Provided data:
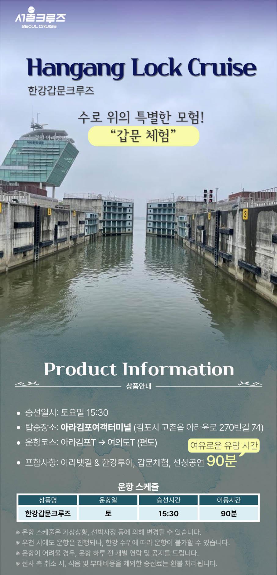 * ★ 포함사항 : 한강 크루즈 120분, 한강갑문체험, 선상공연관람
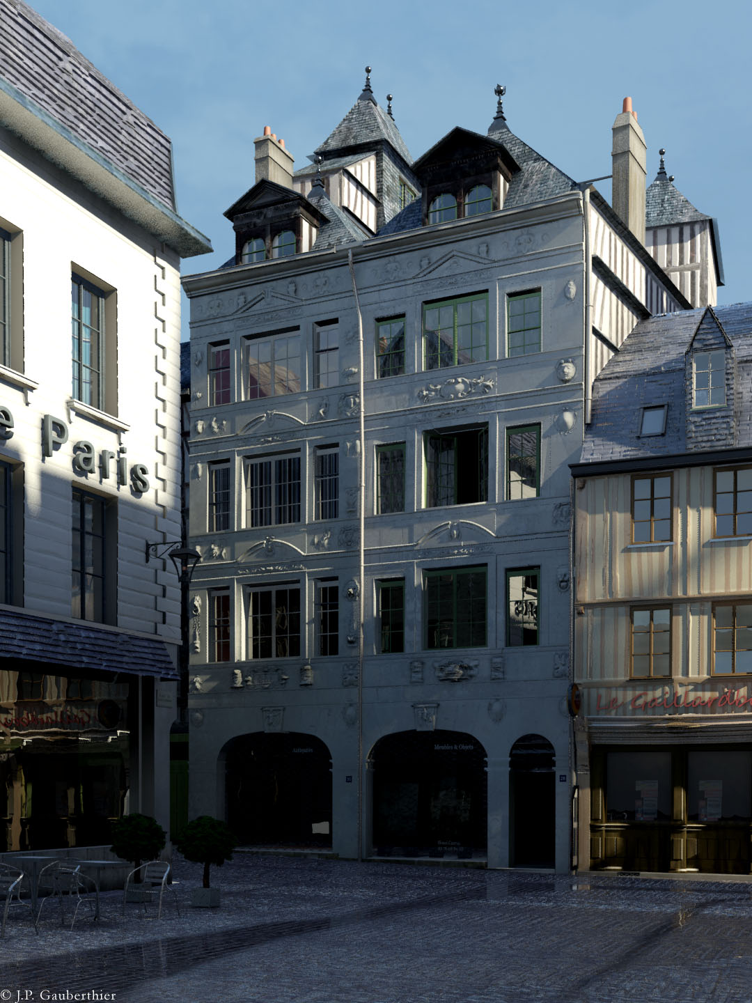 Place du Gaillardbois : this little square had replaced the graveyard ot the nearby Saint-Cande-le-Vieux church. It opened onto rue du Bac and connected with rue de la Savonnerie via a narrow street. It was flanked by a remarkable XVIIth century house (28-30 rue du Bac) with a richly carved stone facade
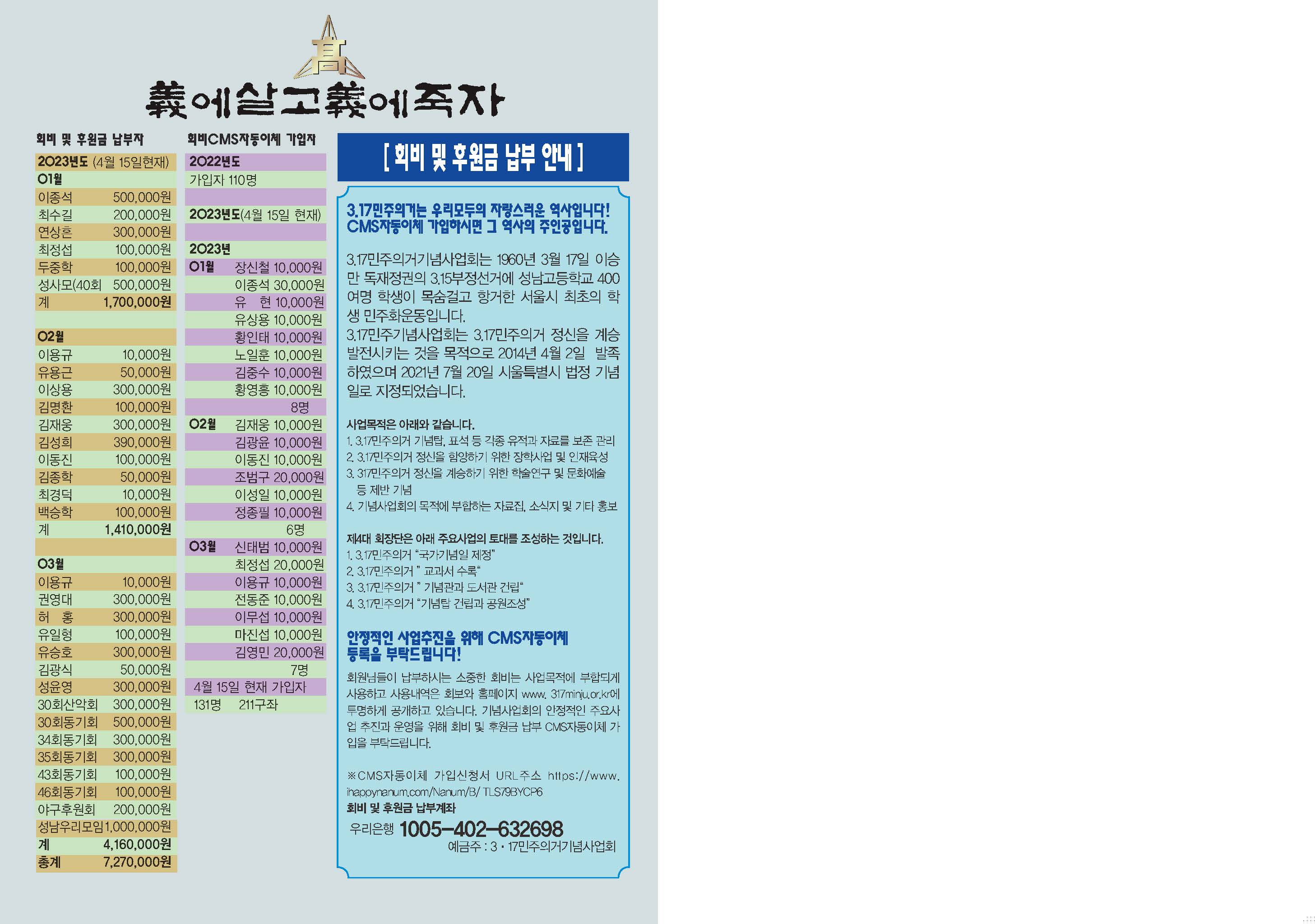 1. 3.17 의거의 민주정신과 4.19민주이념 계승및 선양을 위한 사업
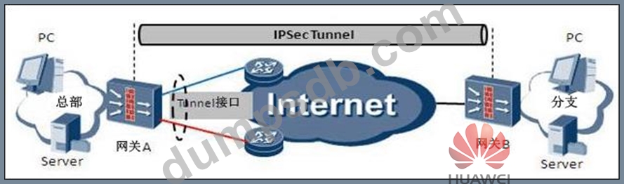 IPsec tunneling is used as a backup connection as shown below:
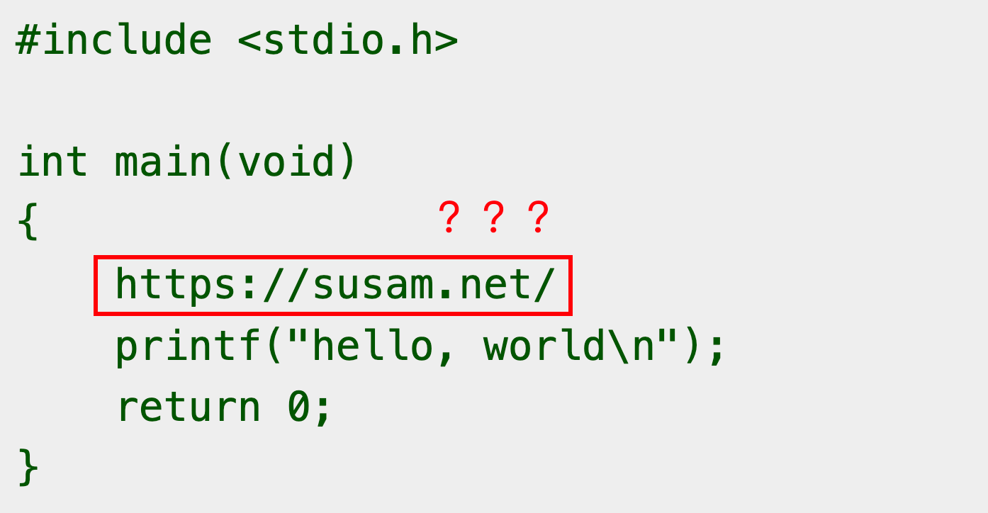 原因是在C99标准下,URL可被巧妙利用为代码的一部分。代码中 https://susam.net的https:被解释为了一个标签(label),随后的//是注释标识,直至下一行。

Brief:
Reproduce every record verbatim, please. Omit the images.

The answer:
 * ★ 포함사항 : 한강 크루즈 120분, 한강갑문체험, 선상공연관람
 Place du Gaillardbois : this little square had replaced the graveyard ot the nearby Saint-Cande-le-Vieux church. It opened onto rue du Bac and connected with rue de la Savonnerie via a narrow street. It was flanked by a remarkable XVIIth century house (28-30 rue du Bac) with a richly carved stone facade
 1. 3.17 의거의 민주정신과 4.19민주이념 계승및 선양을 위한 사업
 IPsec tunneling is used as a backup connection as shown below:
 原因是在C99标准下,URL可被巧妙利用为代码的一部分。代码中 https://susam.net的https:被解释为了一个标签(label),随后的//是注释标识,直至下一行。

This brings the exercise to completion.